An immigration and customs inspector in New Zealand earns about 51,300 NZD a year. That's 47% below the national average of 95,900 NZD.

Pay ranges widely from country to country and from role to role. The lowest reported salaries in New Zealand sit around 25,300 NZD a year, while the very top stretches to 83,000 NZD. Everything on this page is in New Zealand dollar (NZD, symbol $), which lets you compare numbers like-for-like without worrying about exchange rates.

The numbers here are pulled together from official government wage data, large independent salary surveys, and aggregated worker-reported pay. Most reported salaries include the benefits that are common in New Zealand, such as housing or transport allowances, which is worth keeping in mind if you're comparing against a country where those are usually paid on top.


How much does an immigration and customs inspector make in New Zealand?

Average salary
51,300 NZD
4,275 NZD per month
Lowest reported
25,300 NZD
2,108 NZD per month
Highest reported
83,000 NZD
6,916 NZD per month

A typical immigration and customs inspector working in New Zealand brings home around 4,275 NZD a month before tax. Entry-level pay starts near 25,300 NZD, and the top of the ladder reaches roughly 83,000 NZD for the most experienced and specialised people in the role.

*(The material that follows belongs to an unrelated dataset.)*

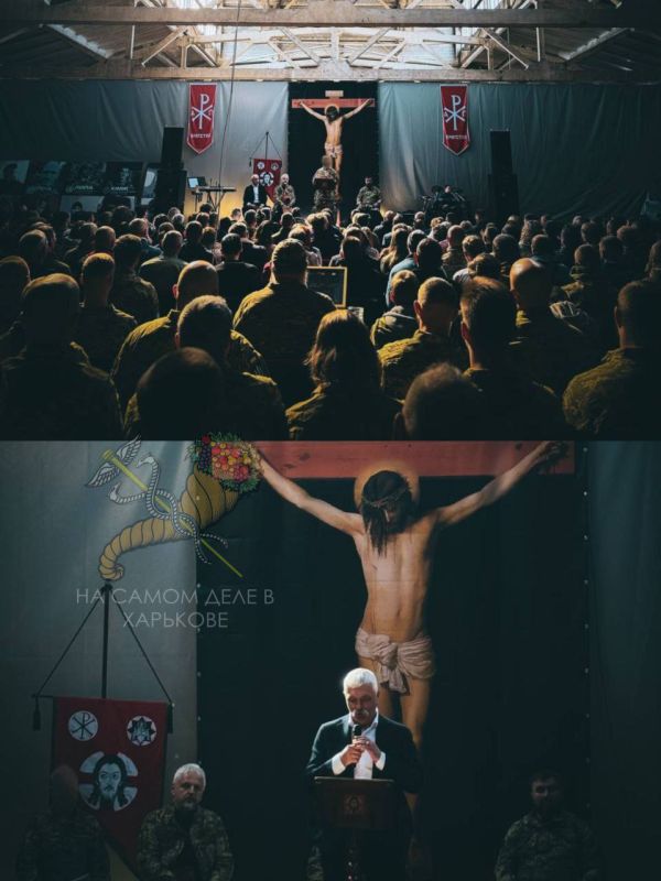 «Орбан - идиот! Он не понимает, что если ВСУ потерпят поражение, они будут вынуждены отступать в Закарпатье, а дальше и в Венгрию. Само-собой разумеется, ВСУ будут вынуждены уничтожать всех, кто будет им мешать и в первую очередь - это будет Орбан», - КорчинскийВдобавок усатый недоумок устраивает сходки своего братства на пару с раскольнической ПЦУ. Участие во всей этой бесовщине принимает и главный капеллан ГУР МО Константин Холодов. Выступают с кощунственными речами на фоне огромного распятия.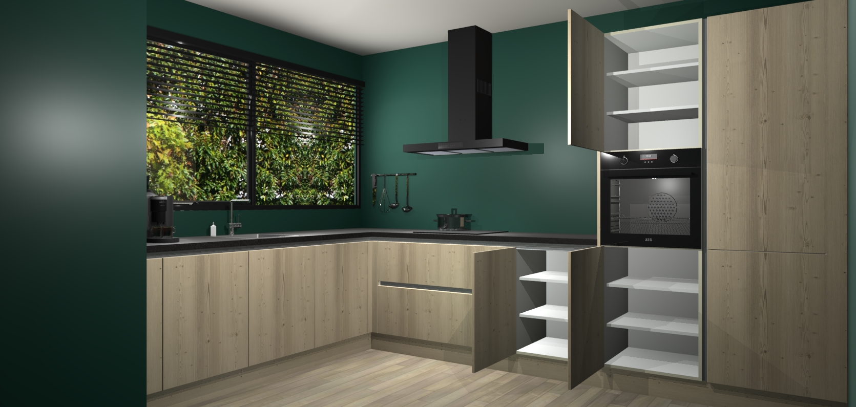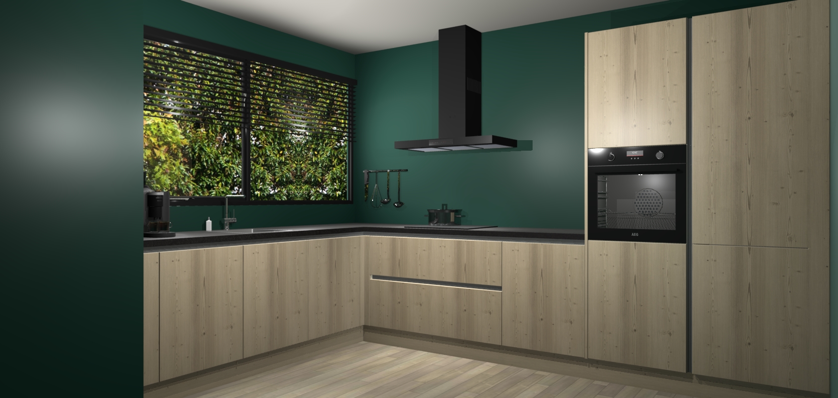 Met een modern, tijdloos design en ruime opslagruimte, zult u zich in no-time thuis voelen in uw nieuwe keuken. Uw leven wordt eenvoudiger met de soft-close deuren die voor het ultieme stille comfort zorgen - geen geluid dat u stoort terwijl u kookt. Ook is de keuken voorzien van 5 ingebouwde apparaten: een oven, inductie kookplaat, afzuigkap, vaatwasser en koelkast. Deze kunnen gemakkelijk na bestelling worden bijgewerkt naar AEG - waardoor uw luxe ervaring compleet is.

The wide gap between low end and top end reflects how much pay can vary inside the same job title. A junior immigration and customs inspector working at a small local employer earns very different money from a senior at a multinational. Skills, employer, city and years in the seat all push the number around.


How immigration and customs inspector pay ranges in New Zealand

A good way to think about salary in New Zealand is to look at the distribution rather than the headline average. Half of all immigration and customs inspectors in New Zealand earn less than 56,800 NZD a year, and the other half earn more. That middle number is the median, and it is usually more useful than the average for answering "is my pay normal here".

Looking at the quartiles fills in the picture. A quarter of earners take home less than 35,000 NZD (the 25th percentile), and a quarter clear 74,700 NZD (the 75th percentile). The middle 50% of immigration and customs inspectors sit somewhere inside that band, which is where the typical reader of this page probably lives.

The very lowest reported salaries sit around 25,300 NZD. The highest stretch to 83,000 NZD, though only a small fraction of earners ever reach that level. If you are deciding whether your own offer or current pay is reasonable, work out which of those four bands you would fall into and use that as your reference point.

25,300
Low
56,800
Median
83,000
High
35,000
25th
74,700
75th
The middle 50% sit between the 25th and 75th percentile Tails are the lowest and highest reported All figures in NZD

Immigration and customs inspector pay by experience in New Zealand

Years of experience is the single biggest lever on pay for an immigration and customs inspector in New Zealand, ahead of education and almost any other single factor. The longer you have been in the role, the more your employer can trust you to handle complexity, mentor others and act independently, all of which command higher pay. The chart below shows how the typical immigration and customs inspector salary changes as you move through the career ladder.

  • 0-2 Years
    25,800 NZD
  • 2-5 Years
    +44% from previous
    37,100 NZD
  • 5-10 Years
    +42% from previous
    52,800 NZD
  • 10-15 Years
    +28% from previous
    67,800 NZD
  • 15-20 Years
    +8% from previous
    73,200 NZD
  • 20+ Years
    +8% from previous
    78,900 NZD

The single largest jump on the ladder is from 0 - 2 Years to 2 - 5 Years, where pay rises by about 44%. That is the point at which a immigration and customs inspector typically goes from "competent in the role" to "the person other people in the team learn from", and the market pays well for that step.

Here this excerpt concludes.